I need some advice about this Latin expression: _murex populus_, which intended meaning is “the people of the murex” (a sea snail, see Murex - Wikipedia). It is correct?

Thanks in advance.

Best regards.


----------



## bearded

Can you please provide a context and indicate the source in which you found the expression?
Those words could have something to do with ornamental plants, cf. Environmental Adaptations and Stress Tolerance of Plants in the Era of Climate Change (pedalium murex, populus euphratica..).


----------



## Agró

La primera idea que me surge es que haga referencia a los fenicios y al caracol del que extraían la púrpura, pero la formación del sintagma no me convence. Lo lógico es que "murex" estuviera en genitivo "muricis": _Muricis Populus_ (El pueblo del múrice).
En fin, a ver si alguien puede aportar algo más.


----------



## sleerash

Bearded:
It is a made-up expression. By the way, Agró is in the righ path: the expression tries to describe the Phoenicians and the snail from which the Tyrian purple was extracted (Tyrian purple - Wikipedia).

Thanks.


----------



## bearded

Thank you, sleerash, I didn't know.


----------



## A User

sleerash said:


> the expression tries to describe the Phoenicians...


Phoenicians and *Punics*, obviously. Dido, the founder and first queen of Carthage (in the 9th century BC), was native of Tyre in Phoenicia.
The greek translation from 5th century BC of the term _Canaanites_, φοίνικες /Phoinikes, is connected with φοῖνιξ = purple-red.

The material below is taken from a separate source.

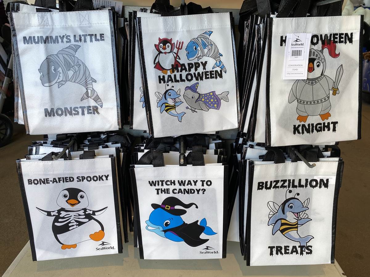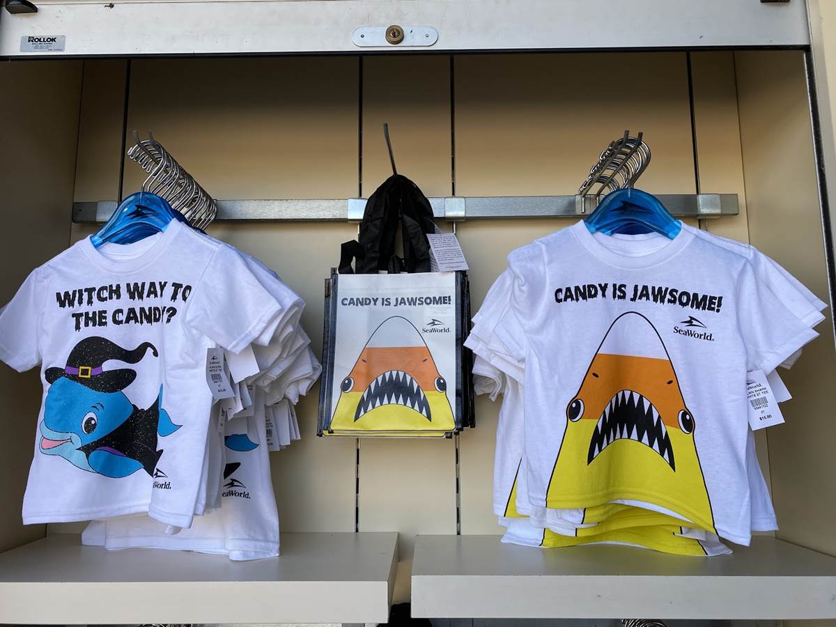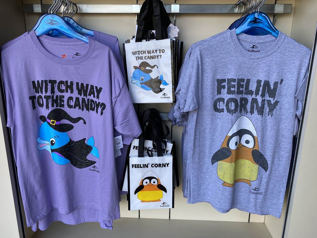 Of course, no visit to a theme park during any particular holiday season would be complete without picking up some fun themed merchandise, like these SeaWorld Halloween Spooktacular t-shirts and trick-or-treat bags.

The dyes may have been named after their place of origin (Phoenicia/ Φοινίκη / Phoiníkē) or vice versa (Phoenicia = Land of Purple).


----------



## bearded

Any ideas as to why _murex populus _and not _muricis populus_?
As a justification for my initial misunderstanding, may I remind that _populus _can mean 'poplar' besides 'people' (in the vegetable meaning it's feminine).


----------



## A User

bearded said:


> Any ideas as to why _murex populus _and not _muricis populus_?

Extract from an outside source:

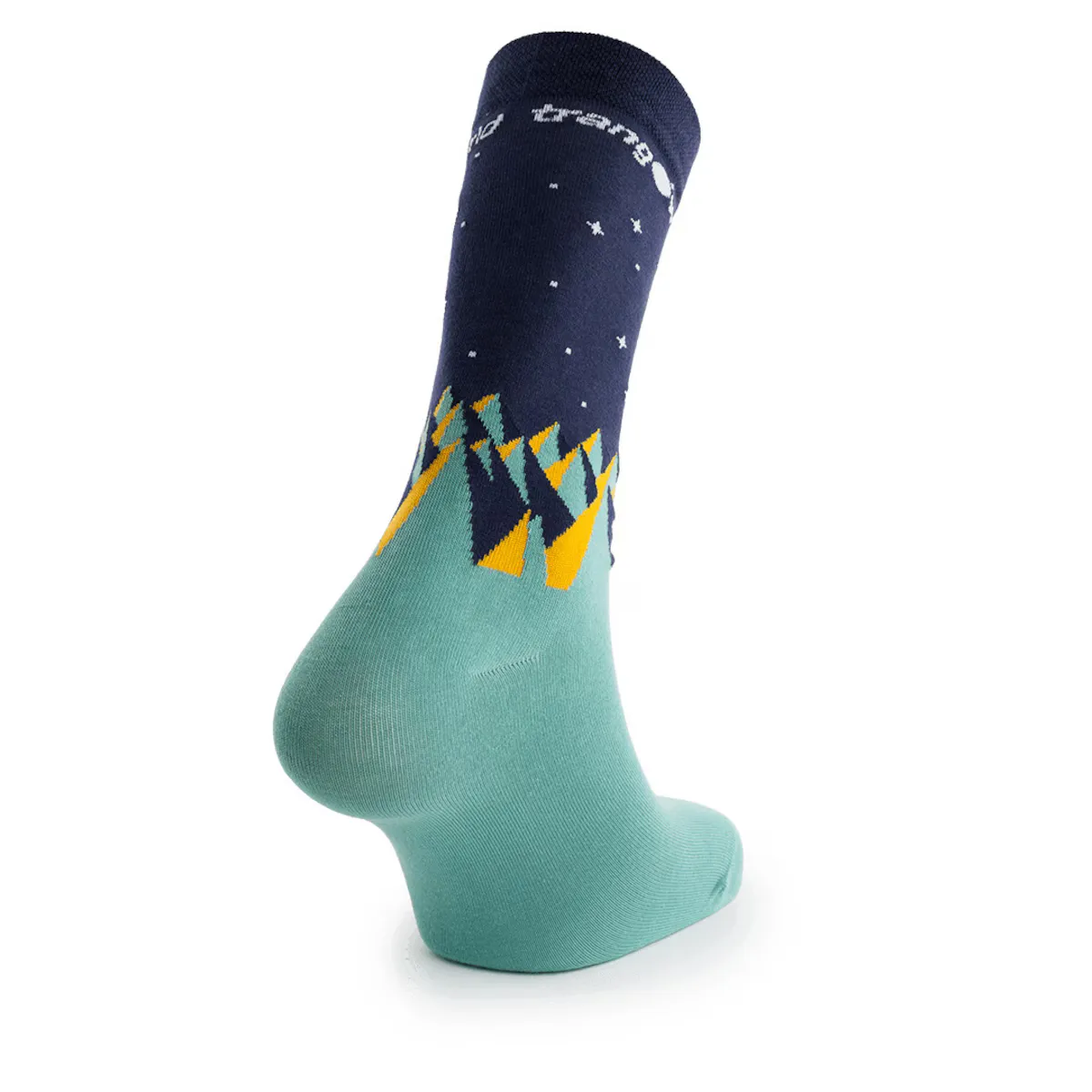 Забавный носок до середины икры с альпинистскими мотивами. Сочетает в себе хлопок и пряжу PROLEN.

Indizio: i verbi appellativi, come vocor, appellor, dicor («sono chiamato, detto»), ...reggono il doppio nominativo.


----------



## bearded

A User said:


> il doppio nominativo


I know, but in any case it wouldn't be ''a people called 'purple''', methinks. I would rather imagine ''people of the purple'', as Agró wrote... Some context (if there is one) would be of help, showing how the Latin sentence is structured. I know that 'Phoinix/Phoenix' means purple, but the name of a people should at least be in the plural (Phoinikes): then it should be ''populus qui dicitur _murices _(Phoenices)''. I find that _populus murex _is odd.


----------



## A User

Congettura: Populus Ifrael, il popolo che prende il nome da Giacobbe. E stiamo sempre in zona.


----------